山口組対立抗争再び火ぶた あえて法要狙った効果とリスク

「やることがえげつないな」――ベテラン捜査員がこう漏らした。

岡山市の神戸山口組系池田組本部前の路上で先月30日、同組の前谷祐一郎若頭(58)が、6代目山口組系大同会(鳥取県米子市)の若頭代行、岸本晃生容疑者(52)に銃撃された。当日は池田組本部で、4年前に対立する弘道会系組員に射殺された前任の高木忠若頭(当時55)の法要が営まれていた。

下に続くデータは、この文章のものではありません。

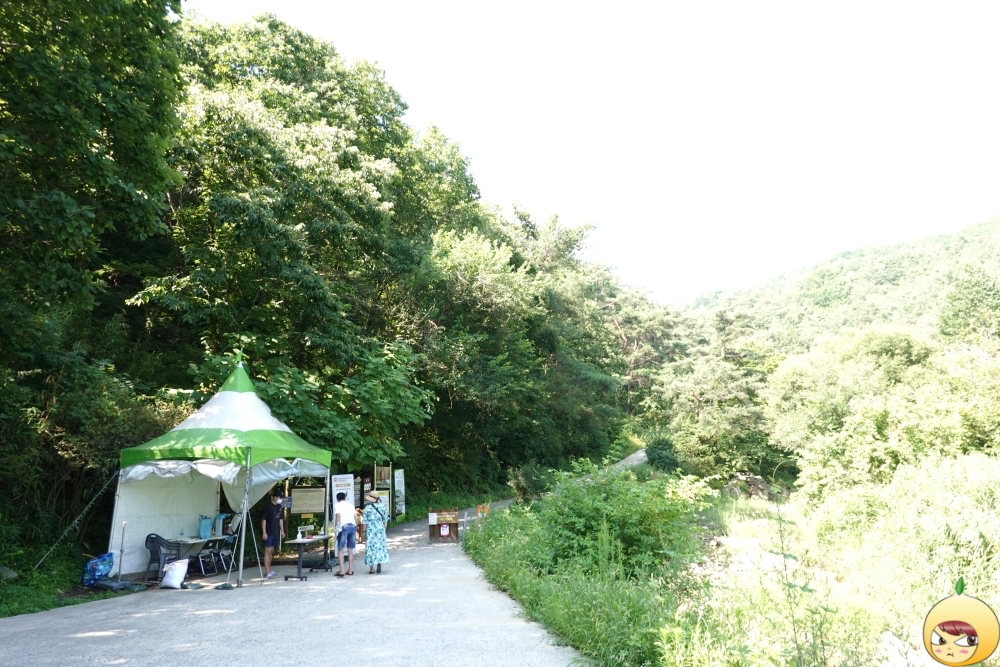 주차장에서 명부를 작성하는 곳까지 약 5분 정도 걸리고, 여기서 만휴정까지 오르막이라서 10분 정도 더 걸린다. 무지 천천히 걸었을때 기준이므로, 더 빨리 도착할 수 있다. 손소독과 명부를 작성하고, 다시 걷는다.

終了後、参列者を駅まで見送った前谷若頭が事務所に戻り、まさに車から降りた瞬間、「パン、パン」という銃声が白昼の歓楽街に鳴り響いた。最初に撃った4発のうち、1発が前谷若頭の腹部に命中。付近では兵庫、岡山両県警の捜査員が警戒にあたっており、約30分後、現場から約2キロ離れたところで逃走中の岸本容疑者を発見。リボルバー式拳銃1丁を所持していたため、現行犯逮捕した。

前出の捜査員がこう言う。

「山一抗争(1984~89年)の際も、墓参り中の組員が襲撃されたことがあった。ただあれは異例のことや。親分が殺され、お互い血眼になっとったからな。相手に恐怖心を抱かせるいうても、リスクが高過ぎる。そばに捜査員がおるわけやし、6代目側が襲ったいうことはすぐにバレとんのやからな。これで特定抗争指定団体に指定され、事務所は使われへん。身動きがとれんようになる。今、そこまでのリスクを冒してやらなアカンのか疑問や」

池田組は神戸山口組の中でもトップクラスの資金力を誇り、前谷若頭は組織のナンバー2だ。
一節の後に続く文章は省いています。